== PROBLEM REQUIREMENTS ==
Below are records with pictures in them. Output exactly the lines from the one with "DescriptionBuddha on a" through the one with "辅助美容顾问诊断出顾客的面部皮肤症状,自动匹配产品,并验证产品疗效。", both included, and leave every picture out; give only those lines.

== INPUT DATA ==
((
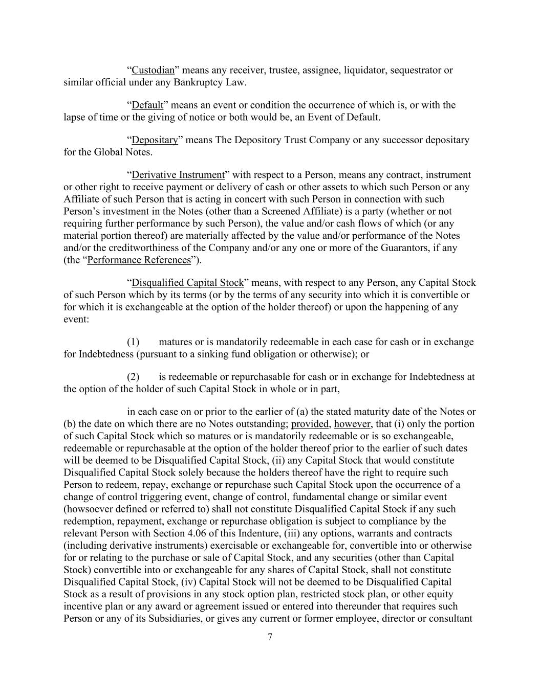 7 “Custodian” means any receiver, trustee, assignee, liquidator, sequestrator or similar official under any Bankruptcy Law. “Default” means an event or condition the occurrence of which is, or with the lapse of time or the giving of notice or both would be, an Event of Default. “Depositary” means The Depository Trust Company or any successor depositary for the Global Notes. “Derivative Instrument” with respect to a Person, means any contract, instrument or other right to receive payment or delivery of cash or other assets to which such Person or any Affiliate of such Person that is acting in concert with such Person in connection with such Person’s investment in the Notes (other than a Screened Affiliate) is a party (whether or not requiring further performance by such Person), the value and/or cash flows of which (or any material portion thereof) are materially affected by the value and/or performance of the Notes and/or the creditworthiness of the Company and/or any one or more of the Guarantors, if any (the “Performance References”). “Disqualified Capital Stock” means, with respect to any Person, any Capital Stock of such Person which by its terms (or by the terms of any security into which it is convertible or for which it is exchangeable at the option of the holder thereof) or upon the happening of any event: (1) matures or is mandatorily redeemable in each case for cash or in exchange for Indebtedness (pursuant to a sinking fund obligation or otherwise); or (2) is redeemable or repurchasable for cash or in exchange for Indebtedness at the option of the holder of such Capital Stock in whole or in part, in each case on or prior to the earlier of (a) the stated maturity date of the Notes or (b) the date on which there are no Notes outstanding; provided, however, that (i) only the portion of such Capital Stock which so matures or is mandatorily redeemable or is so exchangeable, redeemable or repurchasable at the option of the holder thereof prior to the earlier of such dates will be deemed to be Disqualified Capital Stock, (ii) any Capital Stock that would constitute Disqualified Capital Stock solely because the holders thereof have the right to require such Person to redeem, repay, exchange or repurchase such Capital Stock upon the occurrence of a change of control triggering event, change of control, fundamental change or similar event (howsoever defined or referred to) shall not constitute Disqualified Capital Stock if any such redemption, repayment, exchange or repurchase obligation is subject to compliance by the relevant Person with Section 4.06 of this Indenture, (iii) any options, warrants and contracts (including derivative instruments) exercisable or exchangeable for, convertible into or otherwise for or relating to the purchase or sale of Capital Stock, and any securities (other than Capital Stock) convertible into or exchangeable for any shares of Capital Stock, shall not constitute Disqualified Capital Stock, (iv) Capital Stock will not be deemed to be Disqualified Capital Stock as a result of provisions in any stock option plan, restricted stock plan, or other equity incentive plan or any award or agreement issued or entered into thereunder that requires such Person or any of its Subsidiaries, or gives any current or former employee, director or consultant
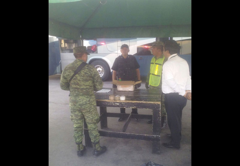 Ante esto le marcaron el alto y le cuestionaron al chofer sobre su punto de origen, indicando que había salido de la Ciudad de México, tras lo cual le indicaron que abriera la zona del equipaje, una vez que lo hizo se dieron a la tarea de revisar el interior del mismo con el apoyo del bonomio canino que luego de unos minutos marcó una de las cajas.
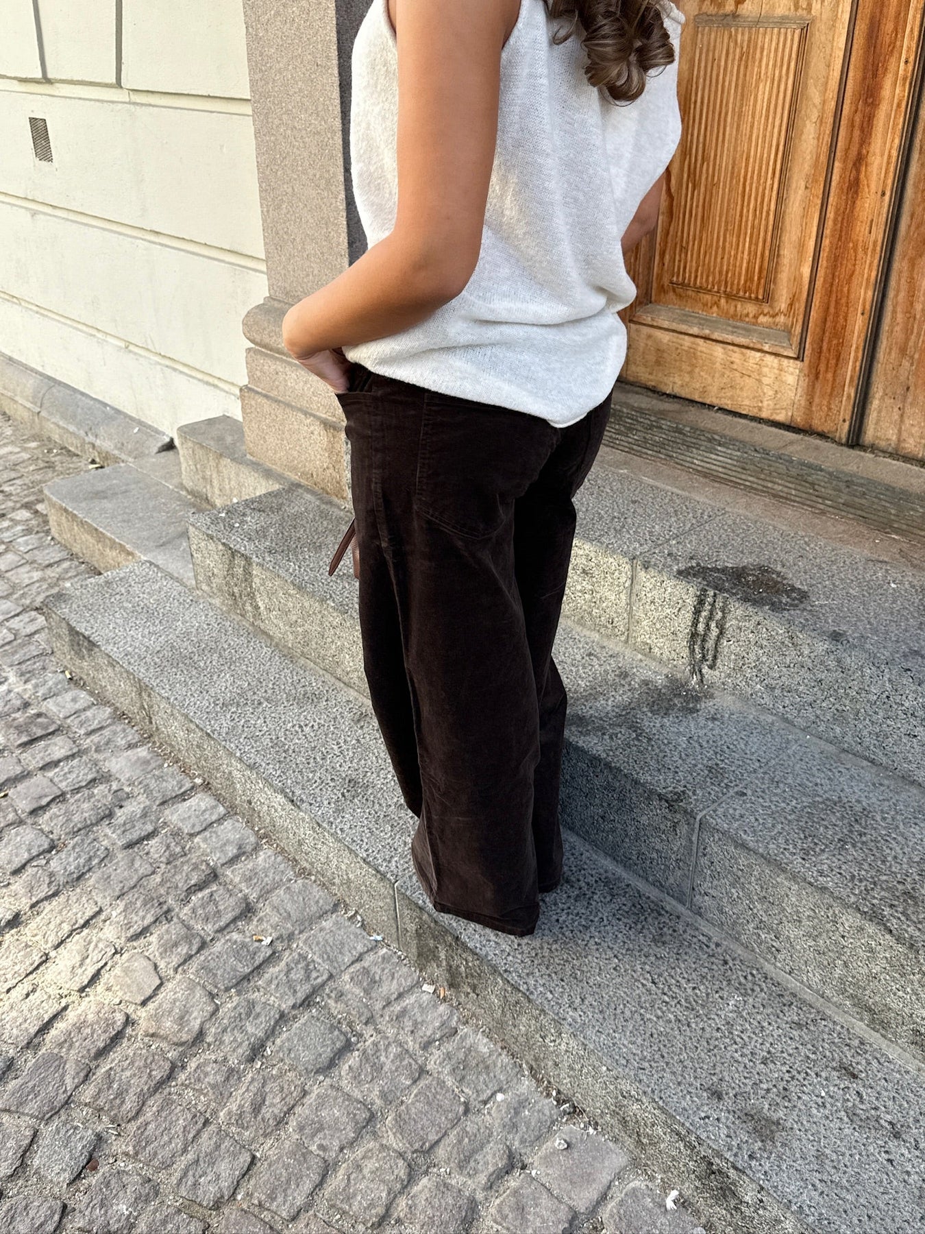 Disse brede fløjlsbukser i en blød mørkebrun nuance er den perfekte kombination af komfort og cool. Bukserne har en afslappet pasform med højtalje og brede ben, som skaber et moderne og ubesværet look. Det bløde corduroy-materiale tilføjer tekstur og varme, hvilket gør dem ideelle til både efterår og forår – men også perfekte året rundt med det rette styling.
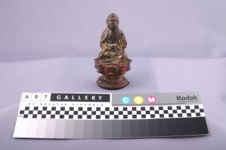 DescriptionBuddha on a lotus base raised on round waisted stand; seated in dhysanasana holding patra in his hands; red lacquer on lotus base; post protuberance from back of figureStatus
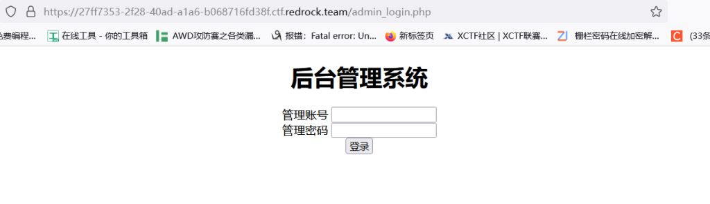 放弃了文件上传这种想法,我注意到另外两个参数,一个是姓名一个编号,因为我认为这是一道sql题,因此他们肯定会被插入数据库中,所以我试着对这两个参数跑了很久的sqlmap,自己也构造了很久,发现似乎并没有什么方法拿到数据,遂放弃了这种想法。因为我fuzz的时候发现有些路径显示了403 Forbidden,所以我猜测这个网站还是有其他很多东西的,只是没显示出来,所以拿御剑跑了一下,果然一下就跑出后台了,路径:/admin_login.php:
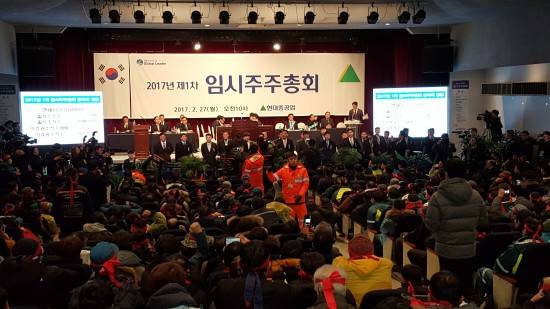이에 대해 현대중공업 노조는 지난 22일 임시대의원회의를 통해 △현대중공업 존속법인 △현대일렉트릭 △현대건설장비 △현대로보틱스 등 다음 달 1일 분할하게 될 법인들의 노조가 단일 노조로 사측 대표단과 교섭할 수 있게 하는 노조규약개정 안건을 처리하려고 했으나 대의원들의 반대로 부결됐다.
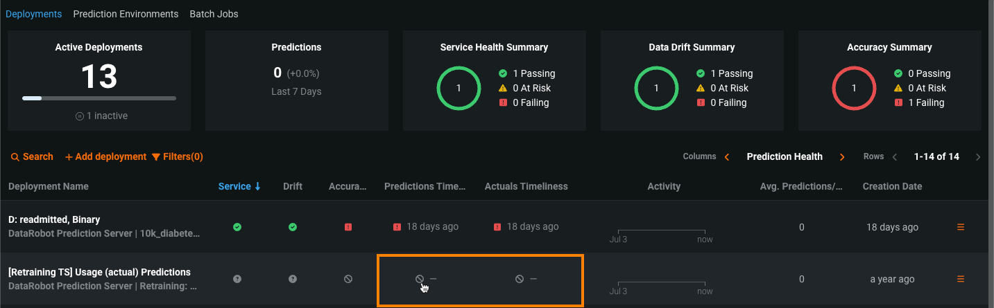 In the Deployments inventory, click Filters to apply Predictions Timeliness Status and Actuals Timeliness Status filters by status value:
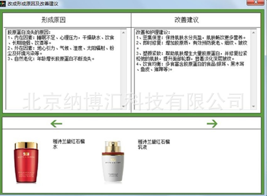 辅助美容顾问诊断出顾客的面部皮肤症状,自动匹配产品,并验证产品疗效。
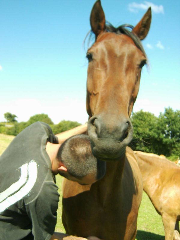 | Dire merci | Pancho a 4 ans je l'ai débourré a 3ans et je l'ai acheter ensuite ... histoire un peu compliqué donc je fais simple ! maintenant ça fait depuis le mois de janvier qu'il est chez moi avec mon autre jument de 11 ans et la jument de ma soeur qui a 14 ans ! il est génial : je pars en ballade seule, je fais un peu de trec, travail en main, en liberté, il saute bien et dresse bien aussi ! il est Trotteur par le pere ! sa mere est un jument pie isabelle que je dois voir surment cet été ! Quand je l'ai connu il n'était ni manipulé ni castré ! on l'a fait castré et ensuite j'ai commencer le travail en main ! c'est un cheval qui était sur la défensive sans etre méchant ! maintenant c'est un amour je fais tout ce que je veux avec il est content tout le temps ! quand j'arrive il vient me voir et me lache plus ! c'est un super cheval et je ne regrette pas de l'avoir acheter ! voila pour l'histoire de mon Loulou qui me remplit le coeur d'amour |
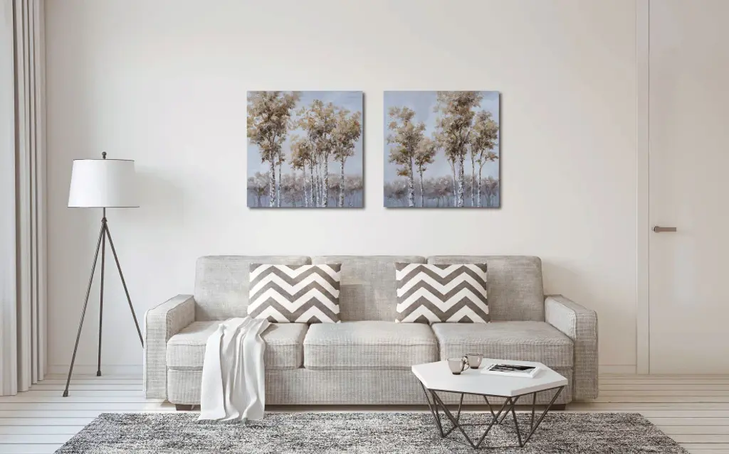 This is a 100% Hand Painted Original Wall Art made with oil paints on canvas stretched over a 1.5" thick wooden frame. The painting has several layers of color and has lots of movement and brush strokes on it. The painting is professionally hand-stretched on high quality stretch bar and ready to hang out of the box. Great size gallery wrapped canvas that works in a variety of rooms. Every single piece of our art is one of a kind piece because of the handcrafted nature of the painting.
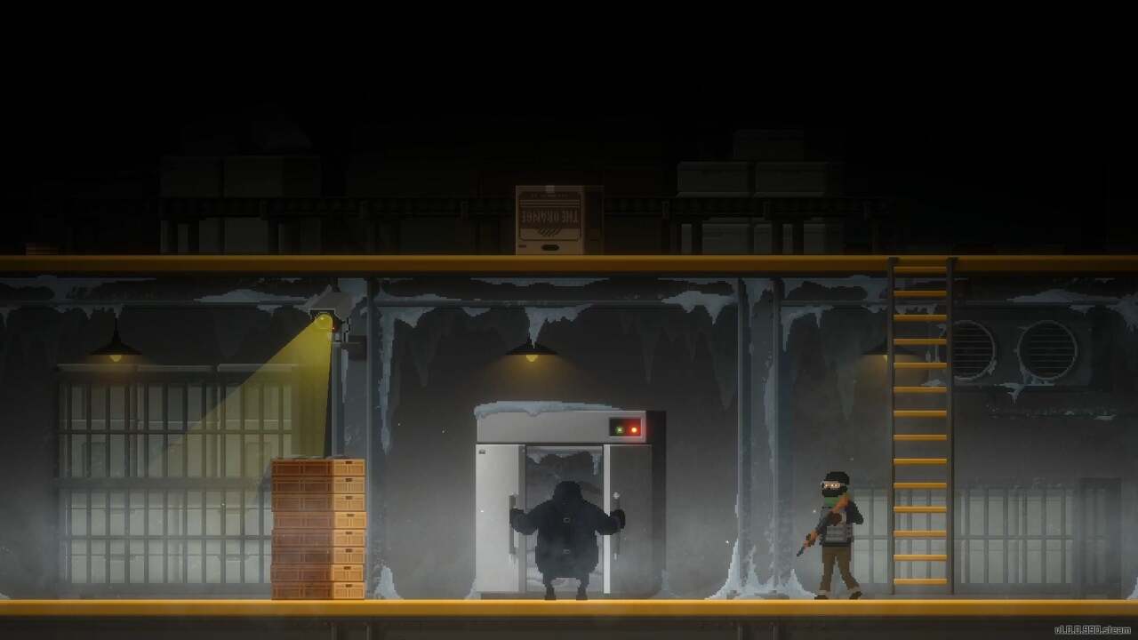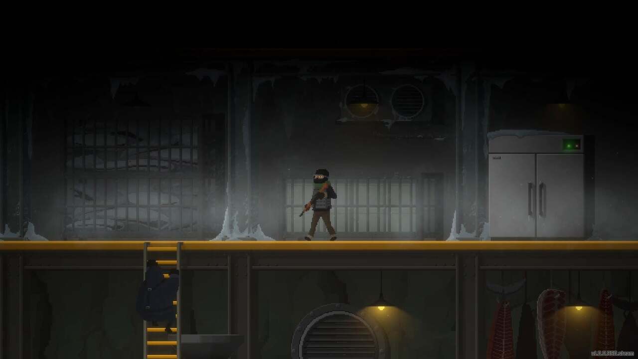 오른쪽에 있는 경비원이 오른쪽에 있는 냉동고를 지나가자마자 냉동고에서 나와 그를 따라가세요. 그가 사다리를 바라보고 있는 동안 사다리를 올라갑니다. 이번에도 타이밍이 매우 빡빡합니다. 그가 냉동실을 지나가자마자 냉동실에서 나가지 않으면 그는 돌아서서 사다리에 있는 당신을 보게 될 것이고 당신은 이 전체 과정을 다시 수행해야 할 것입니다.
))
== ANSWER TO THIS PROBLEM ==
 DescriptionBuddha on a lotus base raised on round waisted stand; seated in dhysanasana holding patra in his hands; red lacquer on lotus base; post protuberance from back of figureStatus
 放弃了文件上传这种想法,我注意到另外两个参数,一个是姓名一个编号,因为我认为这是一道sql题,因此他们肯定会被插入数据库中,所以我试着对这两个参数跑了很久的sqlmap,自己也构造了很久,发现似乎并没有什么方法拿到数据,遂放弃了这种想法。因为我fuzz的时候发现有些路径显示了403 Forbidden,所以我猜测这个网站还是有其他很多东西的,只是没显示出来,所以拿御剑跑了一下,果然一下就跑出后台了,路径:/admin_login.php:
이에 대해 현대중공업 노조는 지난 22일 임시대의원회의를 통해 △현대중공업 존속법인 △현대일렉트릭 △현대건설장비 △현대로보틱스 등 다음 달 1일 분할하게 될 법인들의 노조가 단일 노조로 사측 대표단과 교섭할 수 있게 하는 노조규약개정 안건을 처리하려고 했으나 대의원들의 반대로 부결됐다.
 In the Deployments inventory, click Filters to apply Predictions Timeliness Status and Actuals Timeliness Status filters by status value:
 辅助美容顾问诊断出顾客的面部皮肤症状,自动匹配产品,并验证产品疗效。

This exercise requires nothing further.